In the entries below, find the line with "Image: The Defiant" and print exactly every line from there up to and including the line with "The 180-degree motion", with no other lines.

(ENTRIES PROVIDED)

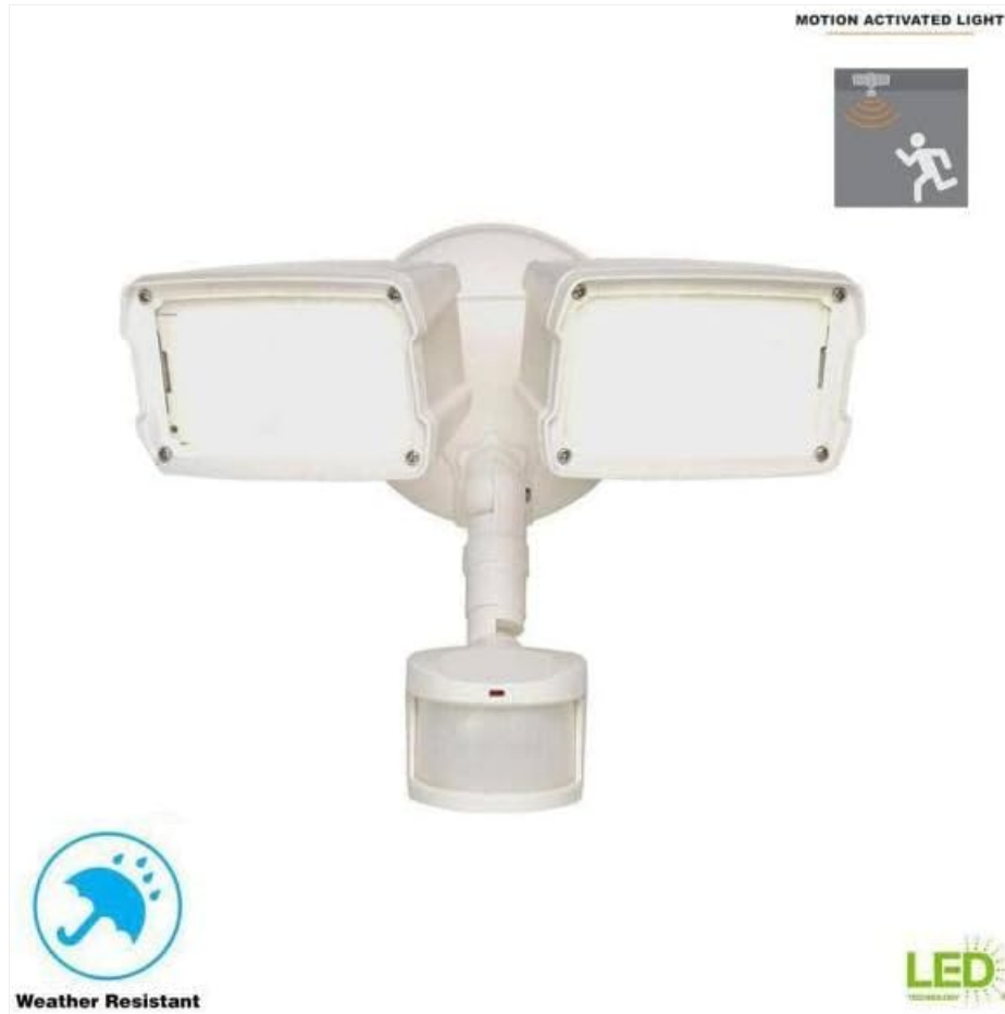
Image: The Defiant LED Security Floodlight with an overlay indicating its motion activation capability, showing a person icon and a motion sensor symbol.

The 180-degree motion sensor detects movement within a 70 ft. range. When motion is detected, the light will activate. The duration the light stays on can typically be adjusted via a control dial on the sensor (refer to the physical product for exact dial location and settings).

(End ENTRIES PROVIDED)
(ENTRIES PROVIDED)

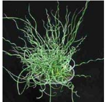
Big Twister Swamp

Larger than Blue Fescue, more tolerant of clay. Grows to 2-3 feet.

(End ENTRIES PROVIDED)

**ANSWER SPACE**
Image: The Defiant LED Security Floodlight with an overlay indicating its motion activation capability, showing a person icon and a motion sensor symbol.

The 180-degree motion sensor detects movement within a 70 ft. range. When motion is detected, the light will activate. The duration the light stays on can typically be adjusted via a control dial on the sensor (refer to the physical product for exact dial location and settings).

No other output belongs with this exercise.